26 278
Wijziging van de Wet subsidiëring politieke partijen in verband met politieke partijen die met een gezamenlijke kandidatenlijst aan verkiezingen deelnemen

nr. 7
TWEEDE NOTA VAN WIJZIGING

Ontvangen 26 augustus 1999

Het voorstel van wet wordt als volgt gewijzigd:

Artikel 6, vijfde lid, komt te luiden:

5. De verdeling op grond van het vierde lid van het basisbedrag, bedoeld in het eerste lid, onder b, geldt slechts voor zover de politieke partijen een politiek-wetenschappelijk instituut hebben aangewezen.

Toelichting

Bij nota van wijziging is onder meer geregeld dat politieke partijen die met een gezamenlijke kandidatenlijst deelnemen aan verkiezingen de basisbedragen genoemd in artikel 6 van de Wet subsidiëring politieke partijen moeten delen naar evenredigheid van hun kamerzetels. Doordat in de eerste nota van wijziging onder B in het vijfde lid van artikel 6 niet alleen naar onderdeel b maar ook naar onderdeel c is verwezen van het eerste lid van dat artikel, zou de indruk kunnen ontstaan dat politieke partijen die een politieke jongerenorganisatie hebben aangewezen naast het basisbedrag voor de politieke partij ook een basisbedrag ontvangen voor de door hun aangewezen politieke jongerenorganisatie. Bij deze nota van wijziging wordt deze indruk weggenomen door alleen te verwijzen naar artikel 6, eerste lid, onderdeel b.

In de Wet subsidiëring politieke partijen worden alleen basisbedragen toegekend aan de politieke partij zelf (artikel 6, eerste lid, onder a) en indien de partij een politiek-wetenschappelijk instituut heeft aangewezen aan dat instituut (artikel 6, eerste lid, onder b).

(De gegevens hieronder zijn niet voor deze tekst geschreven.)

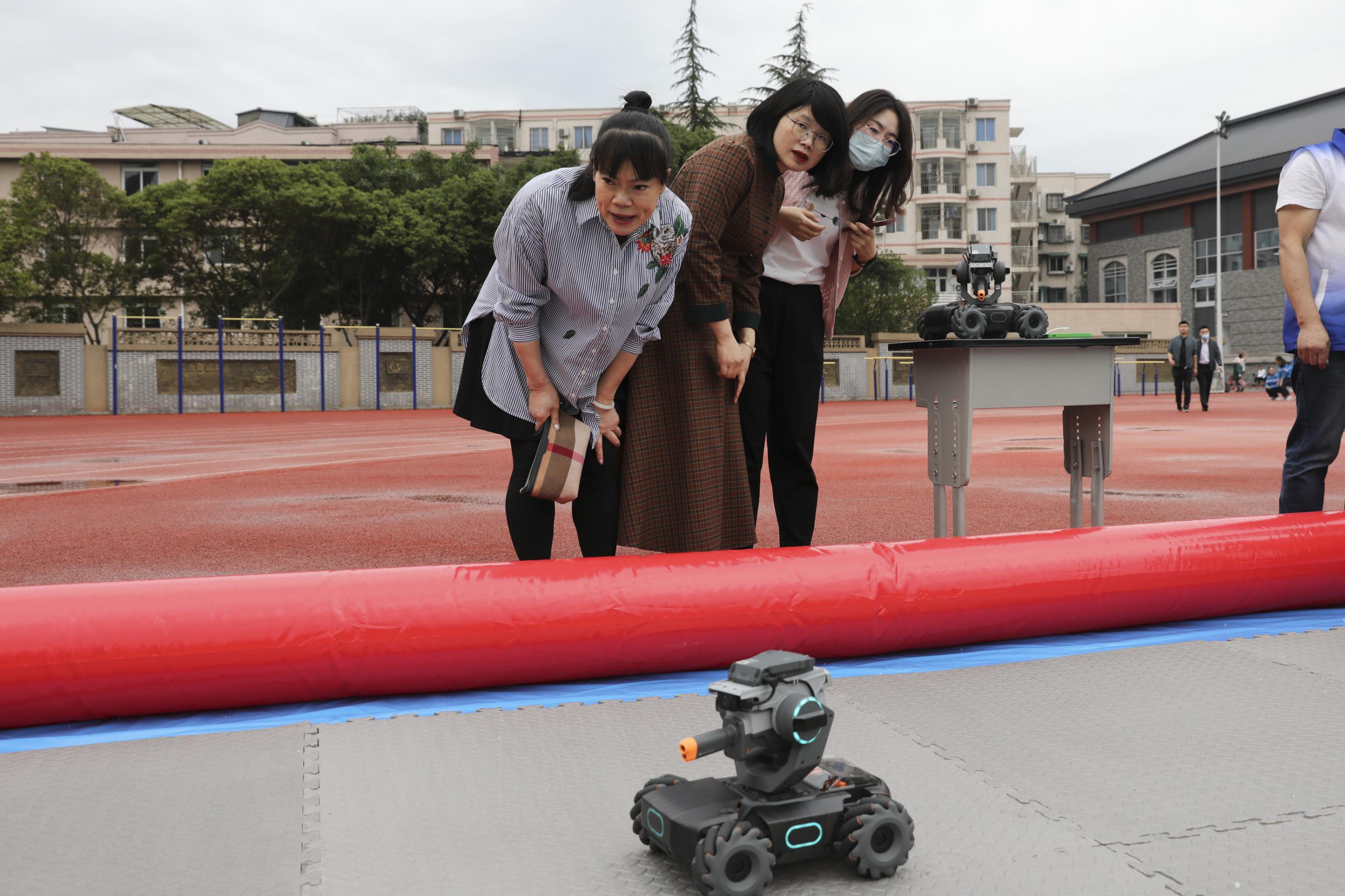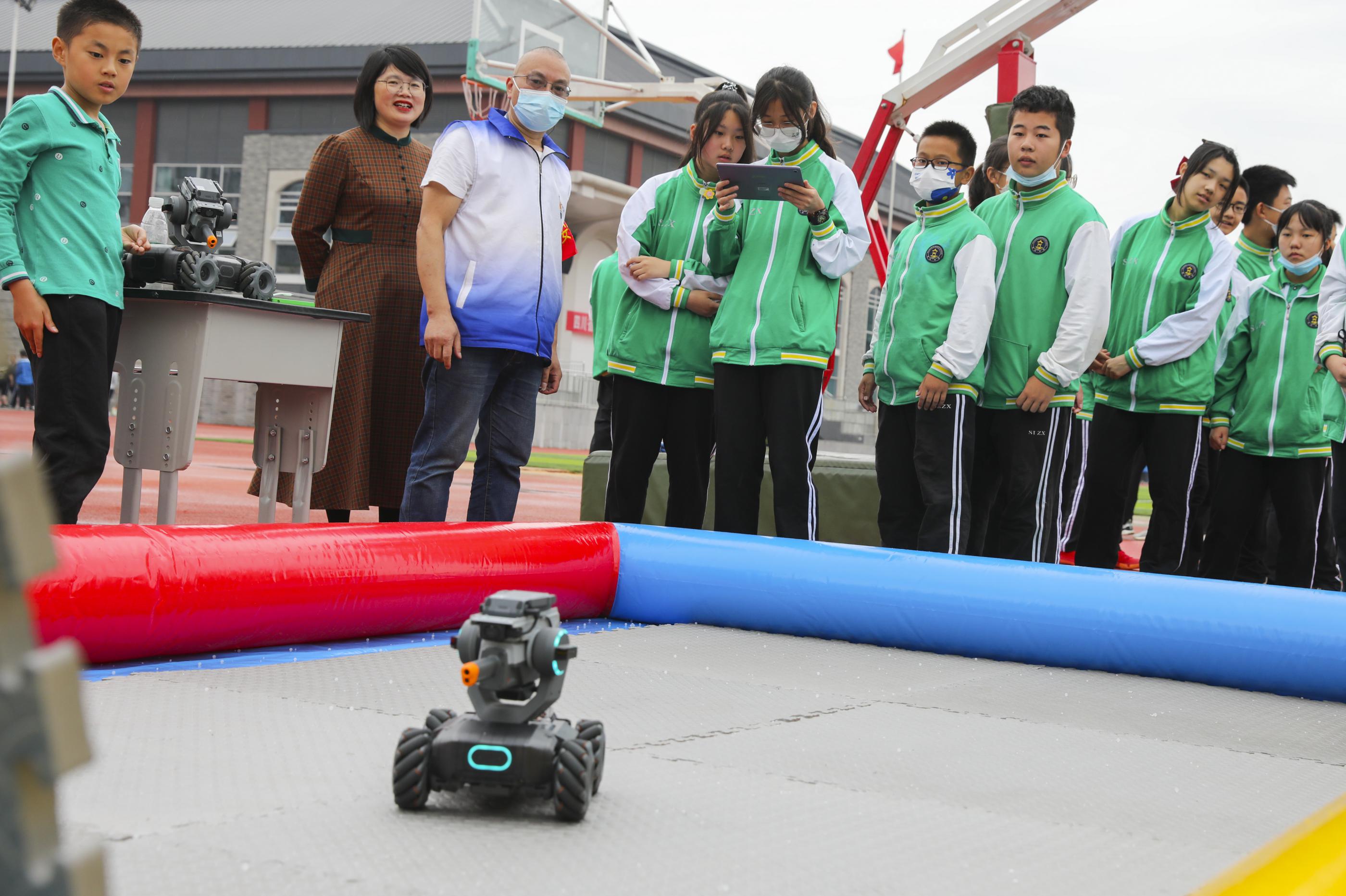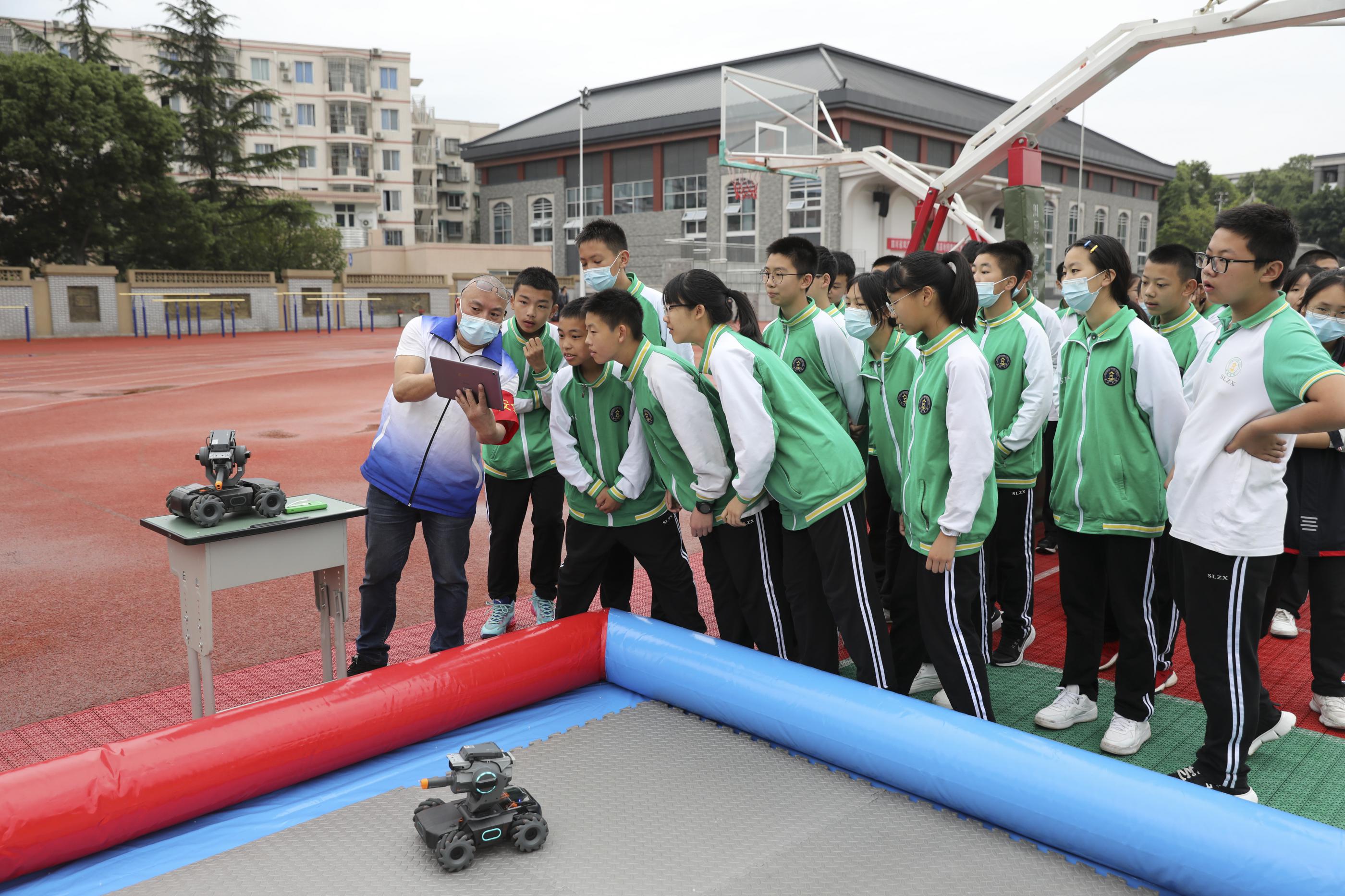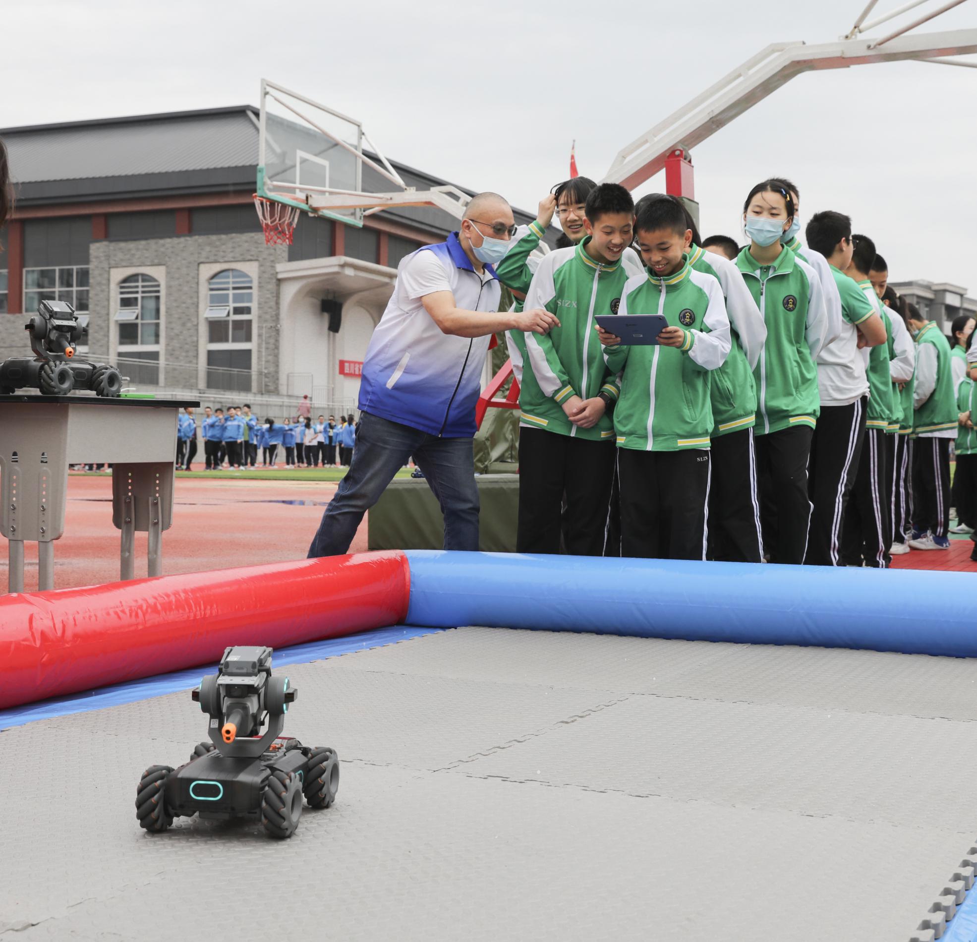 同學(xué)們操作“機甲大師車”進行打靶

Indien de politieke partij een politieke jongerenorganisatie heeft aangewezen ontvangt deze politieke jongerenorganisatie een bedrag per kamerzetel van de politieke partij en een bedrag per lid van de politieke jongerenorganisatie (artikel 6, eerste lid, onder c).

Ter verduidelijking van de verdeling van de basisbedragen over politieke partijen die met een gezamenlijke kandidatenlijst deelnemen aan verkiezingen wordt in de toelichting bij de eerste nota van wijziging ongelukkigerwijs een voorbeeld aangehaald met politieke jongerenorganisaties. Om misverstanden te voorkomen wordt het voorbeeld opnieuw aangehaald maar nu met politiek-wetenschappelijke instituten.

In artikel 6, vijfde lid, wordt bepaald dat het basisbedrag beschikbaar voor politiek-wetenschappelijke instituten slechts naar rato van hun kamerzetels verdeeld hoeft te worden voor zover betrokken partijen ook daadwerkelijk over een dergelijke instelling beschikken. Indien bijvoorbeeld van de drie politieke partijen met een gezamenlijke kandidatenlijst er slechts twee een politiek-wetenschappelijk instituut hebben aangewezen, wordt het voor een politiek-wetenschappelijk instituut beschikbare basisbedrag ook slechts verdeeld over deze twee partijen.